▶ _Task brief_: Copy the lines below exactly, starting at the one with "LOUNGE: The lounge" and ending at the one with "Channel your inner", and leave out any picture.

^^^^^^^^

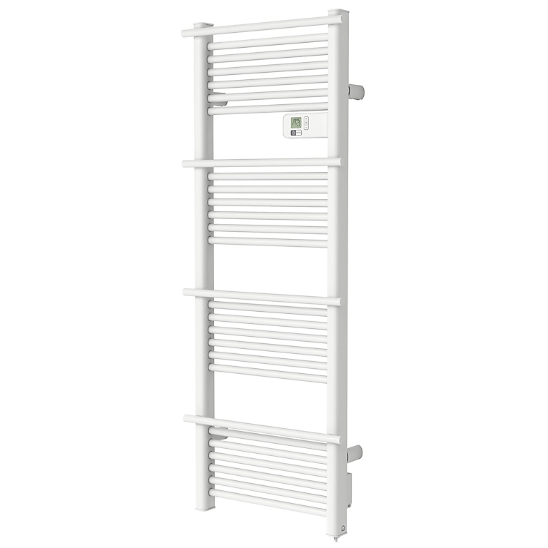 Ce sèche-serviettes électrique à tubes ronds Solna 500W est parfait pour les grandes salle de bains familiales de plus de 7m². Sa conception avec ses tubes déportés permet de suspendre les serviettes sans couvrir le reste du sèche-serviettes, ce qui permet à la chaleur de circuler plus librement dans la pièce. Il est équipé d’un thermostat programmable pour ajuster les périodes de chauffage et vous permettre de faire des économies d’énergie.
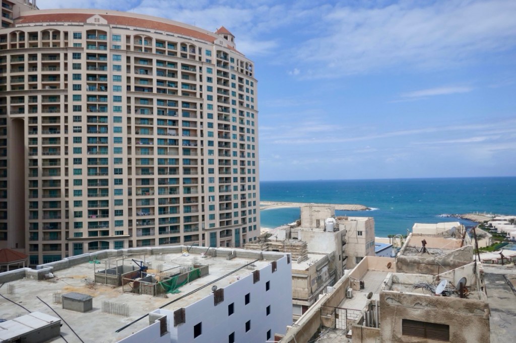 Well, it is a sprawling city, numerous apartment blocks lining the road that stretches all along the coast. We stayed out of town at San Stefano, right next to the huge Four Seasons Hotel. The beach was closed off for their use only. But it didn’t matter, because we weren’t likely to go swimming anywhere nearby! There were only a handful of young girls in the water (all discreetly covered up) and mostly boys. I did not see any women, let alone Westerners swimming. People were sitting on chairs along the shore. I think you had to pay to enter each beach area, so we didn’t bother.
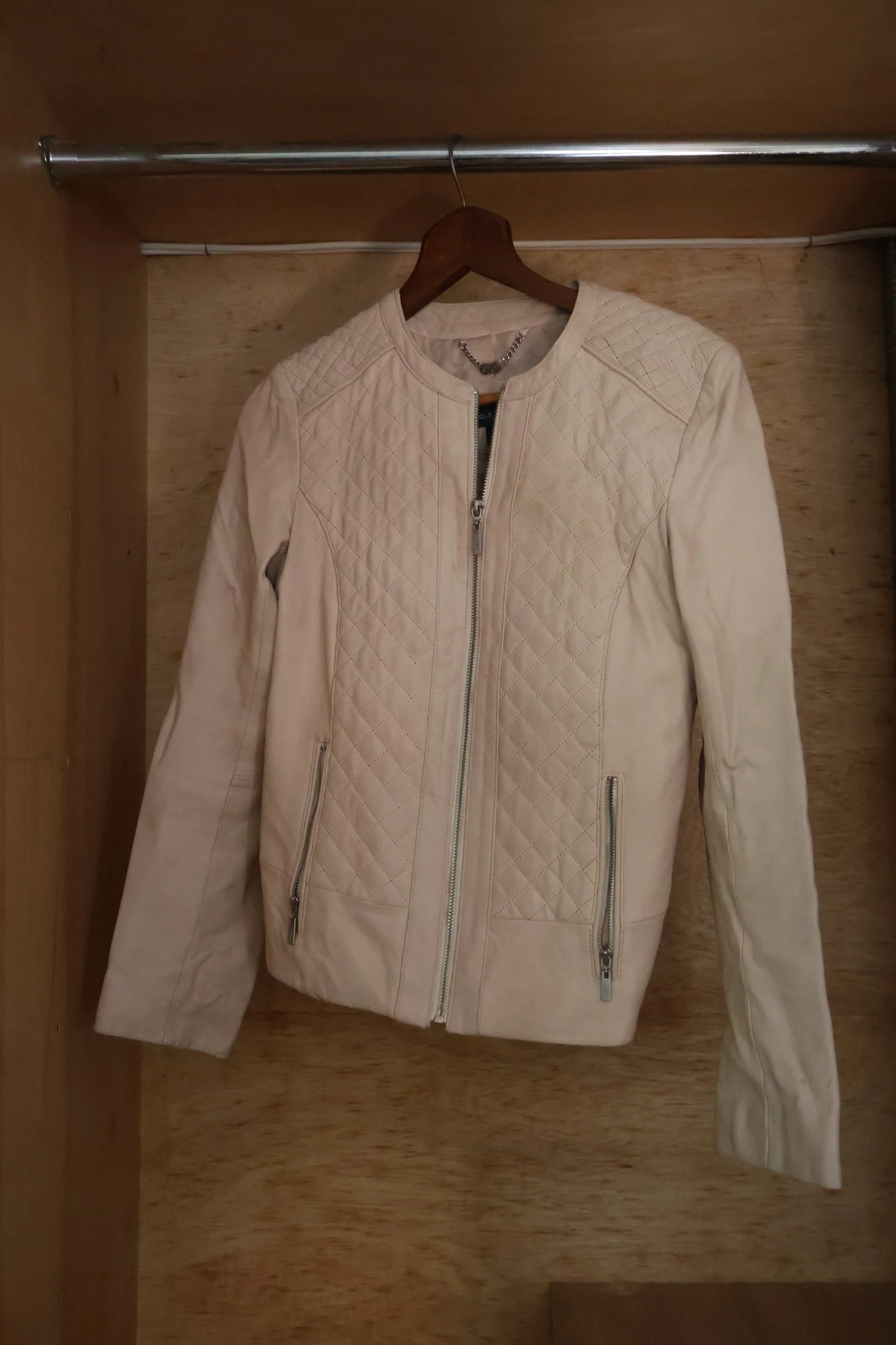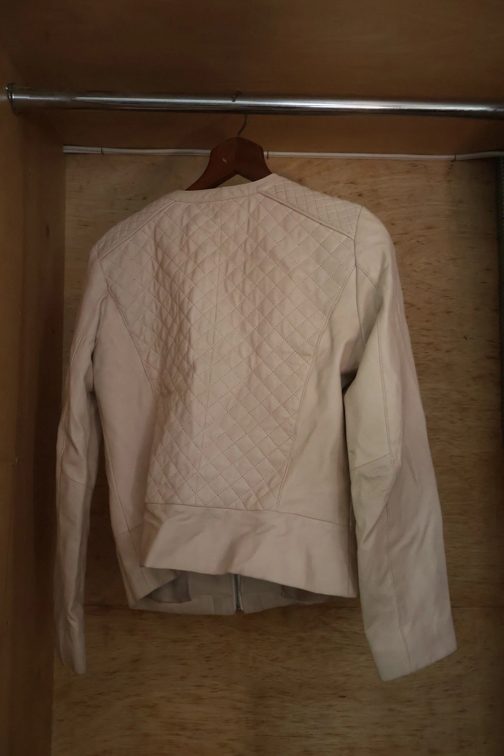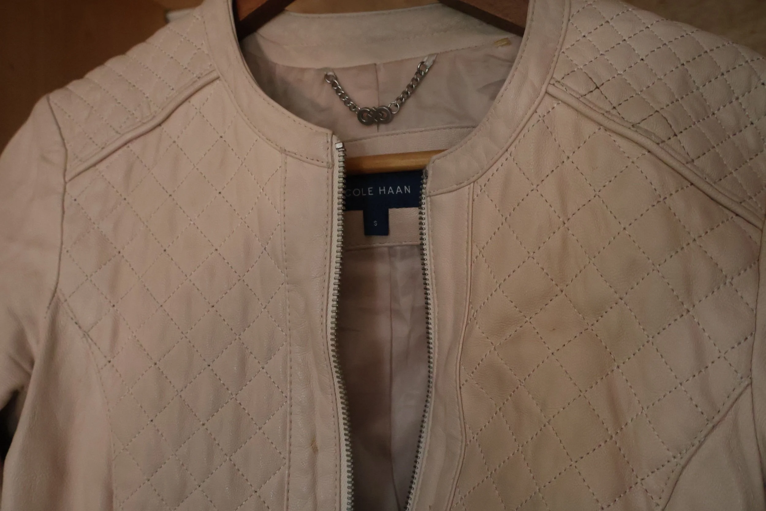 Light pink size small leather motorcycle jacket by Cole Hahn
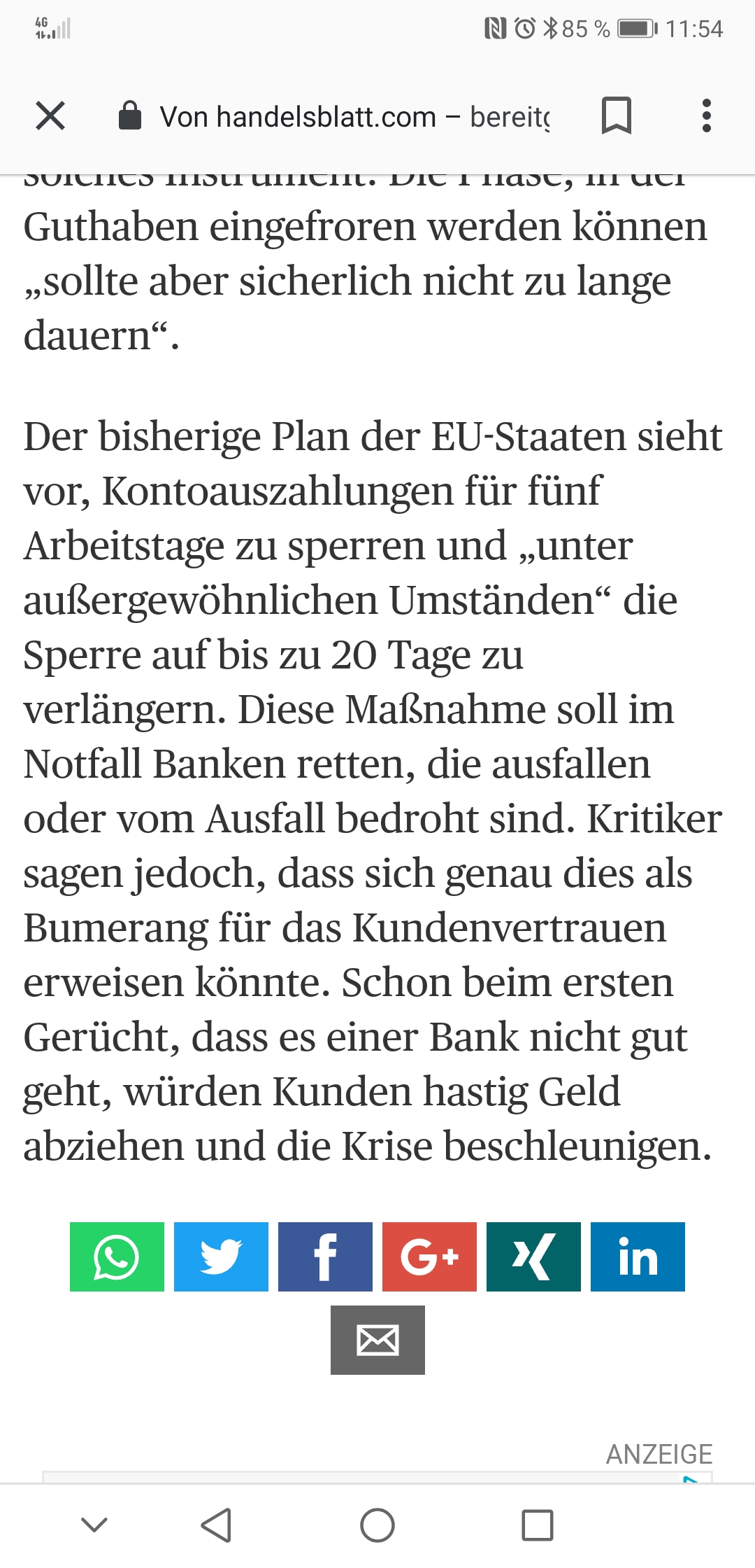 Das dürfte auch funktionieren solange es nur einzelne Banken betrifft aber wehe dem alle oder viele wollen gleichzeitig an ihre Ersparnis?!Dann war es das....
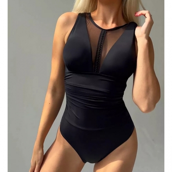 Women's Black High Neck One-Piece Swimsuit with Mesh Panel, Ruched Tummy Control & Backless
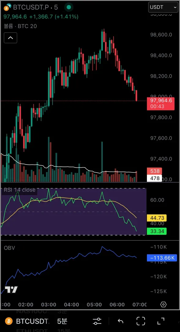 RSI와 오늘 특강에서 배운 OBV 지표도 함께 적용 했습니다.
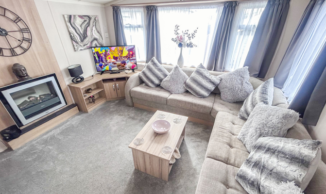 LOUNGE: The lounge incorporates fixed corner seating, with a flat screen TV, Free view and contemporary fireplace. The lounge seating includes an occasional pull out bed for those extra guests. Maximum 6 guests.
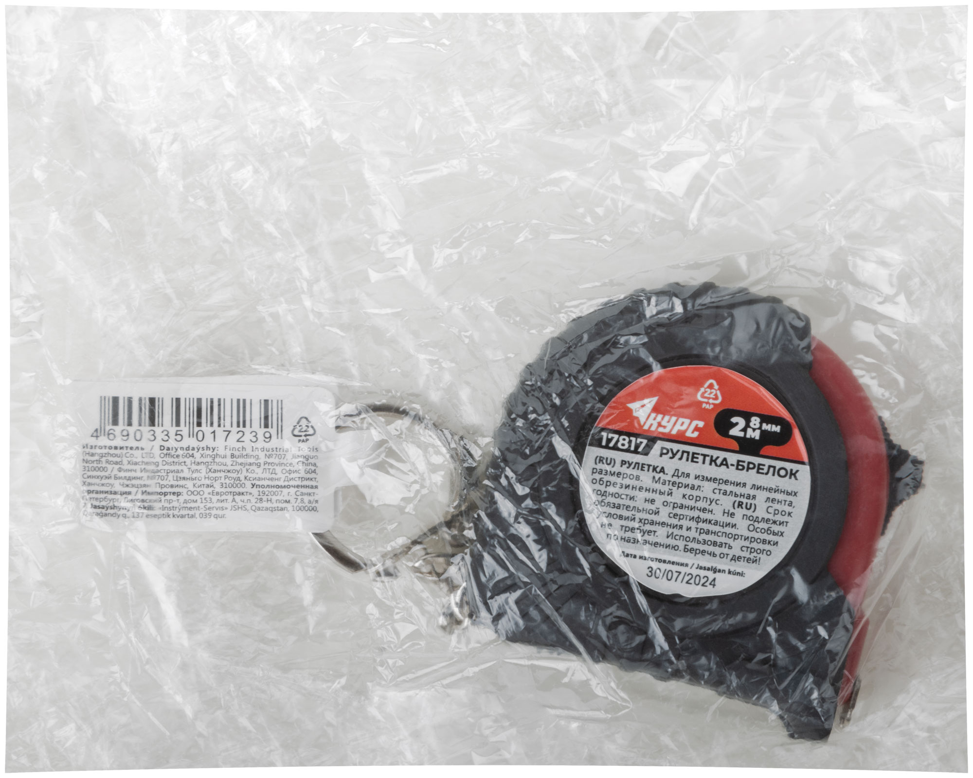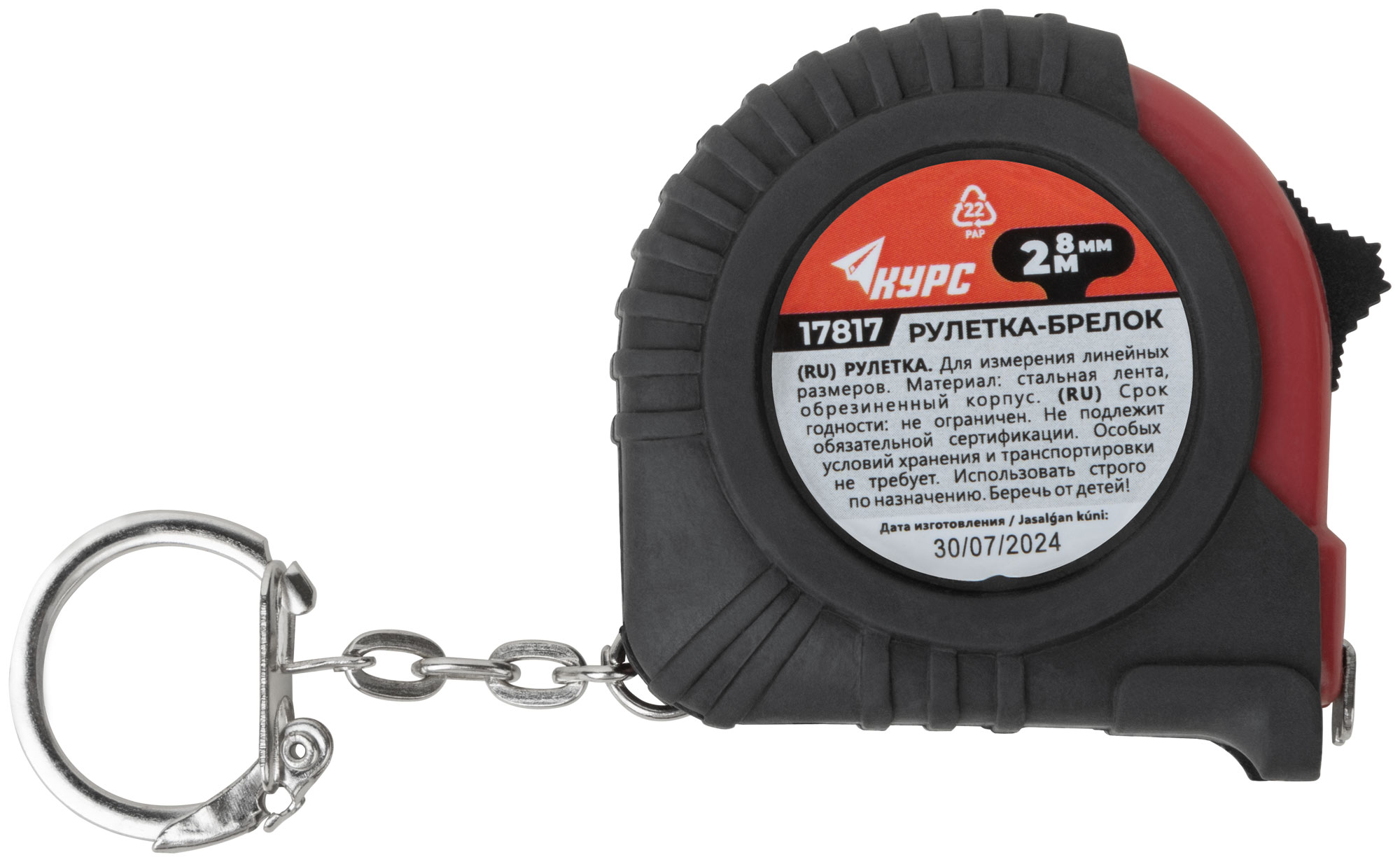 Рулетка-брелок, обрезиненный корпус 2 м х 8 мм
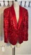 Channel your inner Taylor Swift Showgirl in this awesome red sequin blazer. It is a mens tuxedo style blazer but is a unisex garment in my opinion. It is a mens medium so will fit up to a ladies xl. The lay flat measurements are as follows:
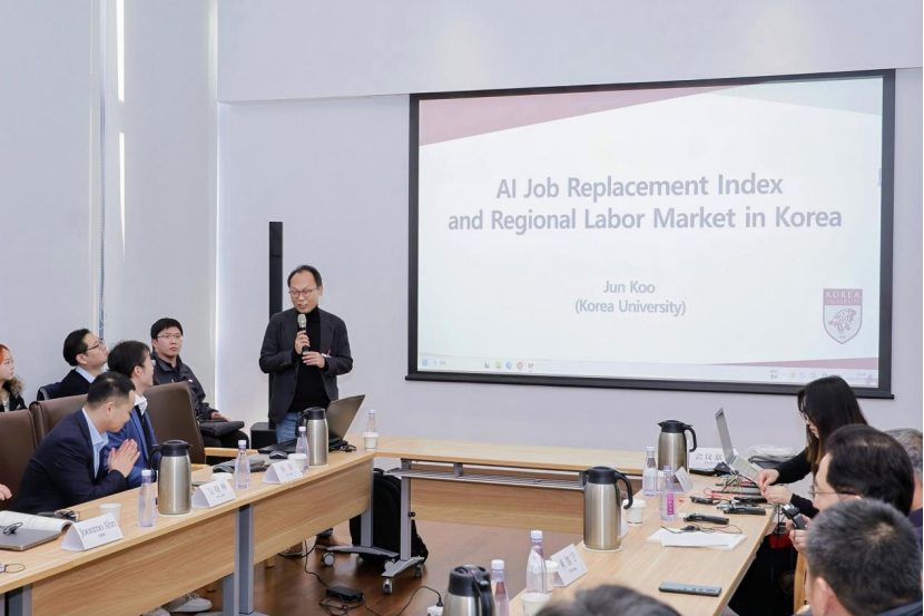 韩国高丽大学政治与经济学院前任院长、教授古俊作题为《韩国的AI就业替代指数和区域劳动力市场》的主旨发言,报告中通过数据建模,揭示了AI对不同行业、不同区域就业市场的影响差异。研究发现,韩国旅游业、零售业等服务业及钢铁、汽车制造业受AI替代风险较高,而康养行业抗替代能力较强;他强调,区域产业多样性是降低AI就业冲击的关键,政府需为受技术变革影响的群体提供必要支持。
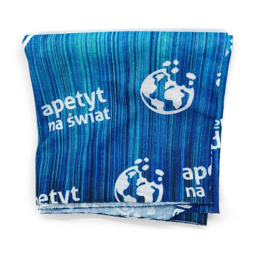 Chusta Apetyt na Świat zapakowana jest w estetyczną ekologiczną kopertę, doskonale nadaje się więc na prezent.
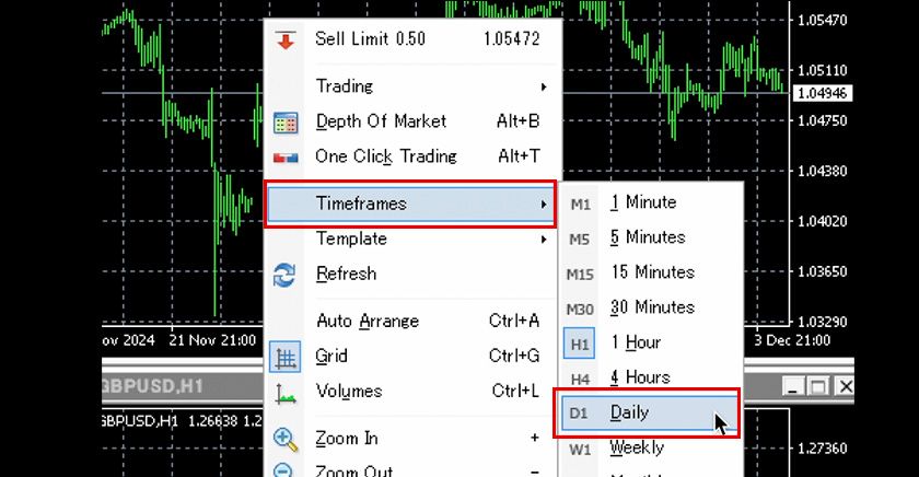 Right-click on the chart, and from the menu that appears, select 'Time Frame Settings' to choose and switch to the desired time frame.
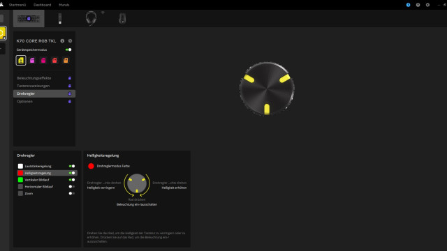 | Besonderheiten | Software: iCue TKL Drehknopf |
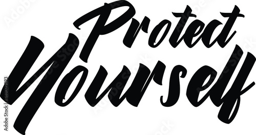 Obraz premium Protect Yourself Vector design idiom Text Phrase on white background
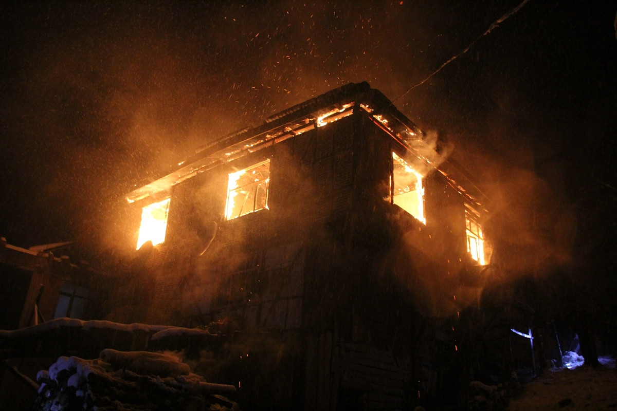 Edinilen bilgiye göre, ilçenin Aksaklar köyünde Recep Kurt, Mustafa Kurt, Kazım Kurt ve ailelerinin yaşadığı iki katlı evde henüz belirlenemeyen nedenle yangın çıktı.
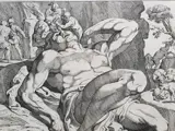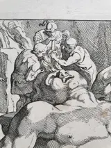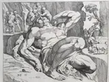 Plaat 10: Ulysses en twee metgezellen verblinden Polyphemus met een staak; naar Primaticcio en Niccolò dell' Abbate.

^^^^^^^^

▶ _Output below_:
 LOUNGE: The lounge incorporates fixed corner seating, with a flat screen TV, Free view and contemporary fireplace. The lounge seating includes an occasional pull out bed for those extra guests. Maximum 6 guests.
 Рулетка-брелок, обрезиненный корпус 2 м х 8 мм
 Channel your inner Taylor Swift Showgirl in this awesome red sequin blazer. It is a mens tuxedo style blazer but is a unisex garment in my opinion. It is a mens medium so will fit up to a ladies xl. The lay flat measurements are as follows:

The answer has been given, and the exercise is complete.